Does Security Impact E‐procurement Performance? Testing a Model of Direct and Moderated Effects

Despite the widespread adoption of e-procurement and the critical role of information security in these situations, academic research examining the relationship between information security and e-procurement performance has been surprisingly minimal. This study represents an interdisciplinary approach to present and test a theoretical model that links security in e-procurement processes to e-procurement performance. E-procurement performance is measured as a combination of cost savings, order quality, and satisfaction of fulfillment as perceived by buyers. The model also posits that two aspects of the procurement process will enhance the value of security in e-procurement, namely, process complexity and process interdependence. We empirically examine these relationships using data collected from procurement managers. Our results have important implications for managing the e-procurement process.

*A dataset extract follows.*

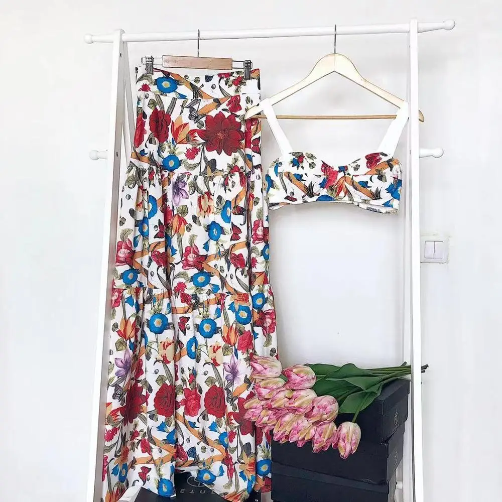Special Offer Verano floral maxi Vestido mujer estilo bohemio sin mangas 2 piezas conjunto vestidos ropa mujer boho chic Vestido de playa de talla grande Discount 38% Today!
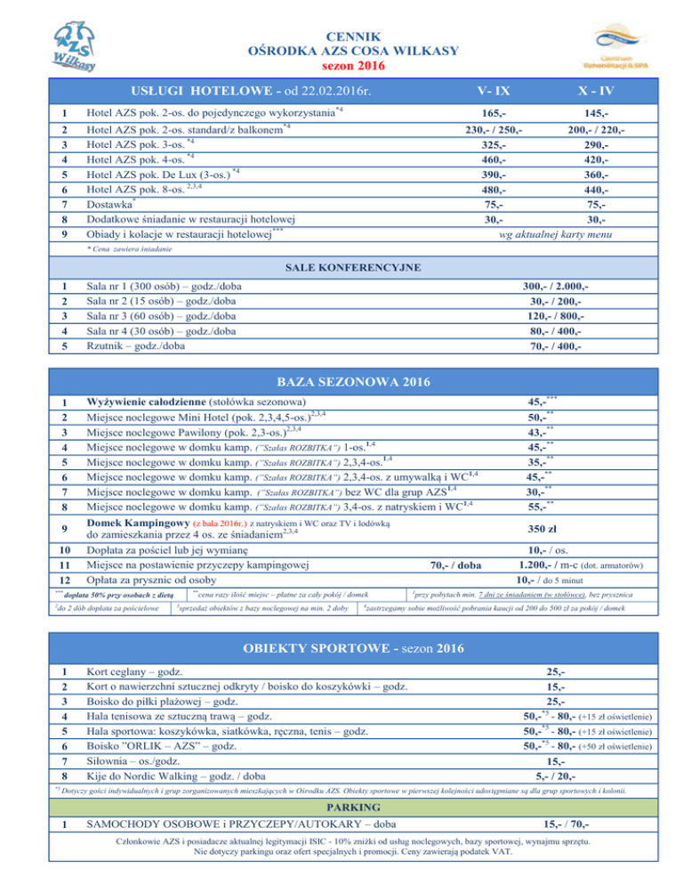 CENNIK OŚRODKA AZS WILKASY - TURYSTYKA INDYWIDUALNA

When Do IT Security Investments Matter? Accounting for the Influence of Institutional Factors in the Context of Healthcare Data Breaches

In this study, we argue that institutional factors determine the extent to which hospitals are symbolic or substantive adopters of information technology (IT) specific organizational practices. We then propose that symbolic and substantive adoption will moderate the effect that IT security investments have on reducing the incidence of data security breaches over time. Using data from three different sources, we create a matched panel of over 5,000 U.S. hospitals and 938 breaches over the 2005-2013 time frame. Using a growth mixture model approach to model the heterogeneity in likelihood of breach, we use a two class solution in which hospitals that (1) belong to smaller health systems, (2) are older, (3) smaller in size, (4) for-profit, (5) non-academic, (6) faith-based, and (7) less entrepreneurial with IT are classified as symbolic adopters. We find that symbolic adoption diminishes the effectiveness of IT security investments, resulting in an increased likelihood of breach. Contrary to our theorizing, the use of more IT security is not directly responsible for reducing breaches, but instead, institutional factors create the conditions under which IT security investments can be more effective. Implications of these findings are significant for policy and practice, the most important of which may be the discovery that firms need to consider how adoption is influenced by institutional factors and how this should be balanced with technological solutions. In particular, our results support the notion that deeper integration of security into IT-related processes and routines leads to fewer breaches, with the caveat that it takes time for these benefits to be realized.

Managing Security in Organizations: Adoption of Information Security Solutions

We develop an integrative model grounded in two theoretical perspectives -- the diffusion of innovation theory and the technology-organization-environment framework -- to examine the diffusion of information security solutions (ISS) in organizations. We specify four innovation characteristics that are specific to ISS (compatibility, complexity, costs, and relative advantage), two organizational factors (organizational readiness and top management support), and two environmental factors (external pressure and visibility) as drivers of ISS diffusion. The model will be tested using data collected through survey questionnaires. We hope to share the results at the workshop in June.